Stored records
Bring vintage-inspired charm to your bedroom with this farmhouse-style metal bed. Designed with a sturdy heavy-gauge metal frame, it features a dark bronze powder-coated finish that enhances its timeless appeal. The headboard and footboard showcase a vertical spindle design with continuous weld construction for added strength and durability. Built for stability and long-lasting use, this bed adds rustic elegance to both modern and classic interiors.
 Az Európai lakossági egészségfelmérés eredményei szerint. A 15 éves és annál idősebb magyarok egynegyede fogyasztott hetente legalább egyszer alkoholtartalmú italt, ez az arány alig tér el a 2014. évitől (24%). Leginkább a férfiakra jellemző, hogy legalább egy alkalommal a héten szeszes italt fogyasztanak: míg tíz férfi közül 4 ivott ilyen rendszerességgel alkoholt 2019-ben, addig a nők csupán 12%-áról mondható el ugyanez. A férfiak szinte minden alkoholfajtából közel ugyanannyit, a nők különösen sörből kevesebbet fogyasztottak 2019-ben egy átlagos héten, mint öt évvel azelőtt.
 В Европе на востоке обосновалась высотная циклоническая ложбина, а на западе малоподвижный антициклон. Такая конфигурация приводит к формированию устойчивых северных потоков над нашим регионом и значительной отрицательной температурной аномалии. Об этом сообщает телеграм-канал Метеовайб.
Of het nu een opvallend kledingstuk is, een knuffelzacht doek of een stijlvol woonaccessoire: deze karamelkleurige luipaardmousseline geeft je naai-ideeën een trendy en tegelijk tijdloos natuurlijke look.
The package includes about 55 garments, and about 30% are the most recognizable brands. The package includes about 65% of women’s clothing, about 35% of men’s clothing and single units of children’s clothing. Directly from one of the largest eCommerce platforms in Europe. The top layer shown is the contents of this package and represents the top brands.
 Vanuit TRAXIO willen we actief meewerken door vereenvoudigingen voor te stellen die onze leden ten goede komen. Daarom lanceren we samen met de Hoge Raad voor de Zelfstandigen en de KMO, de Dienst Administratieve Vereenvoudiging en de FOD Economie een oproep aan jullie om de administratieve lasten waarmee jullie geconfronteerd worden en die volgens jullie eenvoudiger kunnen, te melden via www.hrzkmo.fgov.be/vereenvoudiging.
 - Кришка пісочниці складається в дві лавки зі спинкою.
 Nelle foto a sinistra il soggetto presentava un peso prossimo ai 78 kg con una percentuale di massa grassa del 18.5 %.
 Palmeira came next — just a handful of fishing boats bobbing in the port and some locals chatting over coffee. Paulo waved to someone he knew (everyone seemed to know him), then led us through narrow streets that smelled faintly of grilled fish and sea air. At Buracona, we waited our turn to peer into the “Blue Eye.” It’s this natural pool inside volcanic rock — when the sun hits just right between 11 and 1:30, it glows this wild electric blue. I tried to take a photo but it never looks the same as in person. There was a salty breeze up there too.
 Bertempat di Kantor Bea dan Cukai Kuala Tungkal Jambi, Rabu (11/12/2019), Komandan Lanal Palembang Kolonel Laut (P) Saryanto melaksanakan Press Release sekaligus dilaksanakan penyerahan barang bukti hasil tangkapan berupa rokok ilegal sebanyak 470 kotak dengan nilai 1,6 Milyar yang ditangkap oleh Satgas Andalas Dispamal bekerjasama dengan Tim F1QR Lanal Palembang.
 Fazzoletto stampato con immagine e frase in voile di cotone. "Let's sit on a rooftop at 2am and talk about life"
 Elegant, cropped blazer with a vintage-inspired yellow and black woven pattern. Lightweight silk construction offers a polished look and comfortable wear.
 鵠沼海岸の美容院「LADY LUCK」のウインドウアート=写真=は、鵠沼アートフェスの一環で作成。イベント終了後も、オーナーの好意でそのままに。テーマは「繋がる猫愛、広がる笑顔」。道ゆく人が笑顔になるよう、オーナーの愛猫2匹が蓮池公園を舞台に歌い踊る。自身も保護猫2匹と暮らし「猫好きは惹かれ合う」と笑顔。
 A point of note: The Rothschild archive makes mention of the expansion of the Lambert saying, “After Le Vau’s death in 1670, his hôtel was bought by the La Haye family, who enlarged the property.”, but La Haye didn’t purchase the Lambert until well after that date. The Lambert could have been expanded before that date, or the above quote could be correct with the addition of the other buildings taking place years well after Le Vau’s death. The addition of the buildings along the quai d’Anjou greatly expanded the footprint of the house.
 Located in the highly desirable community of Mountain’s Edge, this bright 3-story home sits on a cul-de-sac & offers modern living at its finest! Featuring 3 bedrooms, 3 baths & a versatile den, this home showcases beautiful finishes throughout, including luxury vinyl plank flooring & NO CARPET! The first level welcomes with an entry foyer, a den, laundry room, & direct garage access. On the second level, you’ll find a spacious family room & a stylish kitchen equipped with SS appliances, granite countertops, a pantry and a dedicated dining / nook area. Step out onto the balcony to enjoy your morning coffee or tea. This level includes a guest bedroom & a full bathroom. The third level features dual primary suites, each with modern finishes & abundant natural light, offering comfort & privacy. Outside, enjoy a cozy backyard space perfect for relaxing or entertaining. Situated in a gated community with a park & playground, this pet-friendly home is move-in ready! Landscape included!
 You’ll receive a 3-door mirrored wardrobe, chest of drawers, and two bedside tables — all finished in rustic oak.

What you are asked to do
Output a faithful copy of every entry, keeping each line as written.

Result of this exercise
Bring vintage-inspired charm to your bedroom with this farmhouse-style metal bed. Designed with a sturdy heavy-gauge metal frame, it features a dark bronze powder-coated finish that enhances its timeless appeal. The headboard and footboard showcase a vertical spindle design with continuous weld construction for added strength and durability. Built for stability and long-lasting use, this bed adds rustic elegance to both modern and classic interiors.
 Az Európai lakossági egészségfelmérés eredményei szerint. A 15 éves és annál idősebb magyarok egynegyede fogyasztott hetente legalább egyszer alkoholtartalmú italt, ez az arány alig tér el a 2014. évitől (24%). Leginkább a férfiakra jellemző, hogy legalább egy alkalommal a héten szeszes italt fogyasztanak: míg tíz férfi közül 4 ivott ilyen rendszerességgel alkoholt 2019-ben, addig a nők csupán 12%-áról mondható el ugyanez. A férfiak szinte minden alkoholfajtából közel ugyanannyit, a nők különösen sörből kevesebbet fogyasztottak 2019-ben egy átlagos héten, mint öt évvel azelőtt.
 В Европе на востоке обосновалась высотная циклоническая ложбина, а на западе малоподвижный антициклон. Такая конфигурация приводит к формированию устойчивых северных потоков над нашим регионом и значительной отрицательной температурной аномалии. Об этом сообщает телеграм-канал Метеовайб.
Of het nu een opvallend kledingstuk is, een knuffelzacht doek of een stijlvol woonaccessoire: deze karamelkleurige luipaardmousseline geeft je naai-ideeën een trendy en tegelijk tijdloos natuurlijke look.
The package includes about 55 garments, and about 30% are the most recognizable brands. The package includes about 65% of women’s clothing, about 35% of men’s clothing and single units of children’s clothing. Directly from one of the largest eCommerce platforms in Europe. The top layer shown is the contents of this package and represents the top brands.
 Vanuit TRAXIO willen we actief meewerken door vereenvoudigingen voor te stellen die onze leden ten goede komen. Daarom lanceren we samen met de Hoge Raad voor de Zelfstandigen en de KMO, de Dienst Administratieve Vereenvoudiging en de FOD Economie een oproep aan jullie om de administratieve lasten waarmee jullie geconfronteerd worden en die volgens jullie eenvoudiger kunnen, te melden via www.hrzkmo.fgov.be/vereenvoudiging.
 - Кришка пісочниці складається в дві лавки зі спинкою.
 Nelle foto a sinistra il soggetto presentava un peso prossimo ai 78 kg con una percentuale di massa grassa del 18.5 %.
 Palmeira came next — just a handful of fishing boats bobbing in the port and some locals chatting over coffee. Paulo waved to someone he knew (everyone seemed to know him), then led us through narrow streets that smelled faintly of grilled fish and sea air. At Buracona, we waited our turn to peer into the “Blue Eye.” It’s this natural pool inside volcanic rock — when the sun hits just right between 11 and 1:30, it glows this wild electric blue. I tried to take a photo but it never looks the same as in person. There was a salty breeze up there too.
 Bertempat di Kantor Bea dan Cukai Kuala Tungkal Jambi, Rabu (11/12/2019), Komandan Lanal Palembang Kolonel Laut (P) Saryanto melaksanakan Press Release sekaligus dilaksanakan penyerahan barang bukti hasil tangkapan berupa rokok ilegal sebanyak 470 kotak dengan nilai 1,6 Milyar yang ditangkap oleh Satgas Andalas Dispamal bekerjasama dengan Tim F1QR Lanal Palembang.
 Fazzoletto stampato con immagine e frase in voile di cotone. "Let's sit on a rooftop at 2am and talk about life"
 Elegant, cropped blazer with a vintage-inspired yellow and black woven pattern. Lightweight silk construction offers a polished look and comfortable wear.
 鵠沼海岸の美容院「LADY LUCK」のウインドウアート=写真=は、鵠沼アートフェスの一環で作成。イベント終了後も、オーナーの好意でそのままに。テーマは「繋がる猫愛、広がる笑顔」。道ゆく人が笑顔になるよう、オーナーの愛猫2匹が蓮池公園を舞台に歌い踊る。自身も保護猫2匹と暮らし「猫好きは惹かれ合う」と笑顔。
 A point of note: The Rothschild archive makes mention of the expansion of the Lambert saying, “After Le Vau’s death in 1670, his hôtel was bought by the La Haye family, who enlarged the property.”, but La Haye didn’t purchase the Lambert until well after that date. The Lambert could have been expanded before that date, or the above quote could be correct with the addition of the other buildings taking place years well after Le Vau’s death. The addition of the buildings along the quai d’Anjou greatly expanded the footprint of the house.
 Located in the highly desirable community of Mountain’s Edge, this bright 3-story home sits on a cul-de-sac & offers modern living at its finest! Featuring 3 bedrooms, 3 baths & a versatile den, this home showcases beautiful finishes throughout, including luxury vinyl plank flooring & NO CARPET! The first level welcomes with an entry foyer, a den, laundry room, & direct garage access. On the second level, you’ll find a spacious family room & a stylish kitchen equipped with SS appliances, granite countertops, a pantry and a dedicated dining / nook area. Step out onto the balcony to enjoy your morning coffee or tea. This level includes a guest bedroom & a full bathroom. The third level features dual primary suites, each with modern finishes & abundant natural light, offering comfort & privacy. Outside, enjoy a cozy backyard space perfect for relaxing or entertaining. Situated in a gated community with a park & playground, this pet-friendly home is move-in ready! Landscape included!
 You’ll receive a 3-door mirrored wardrobe, chest of drawers, and two bedside tables — all finished in rustic oak.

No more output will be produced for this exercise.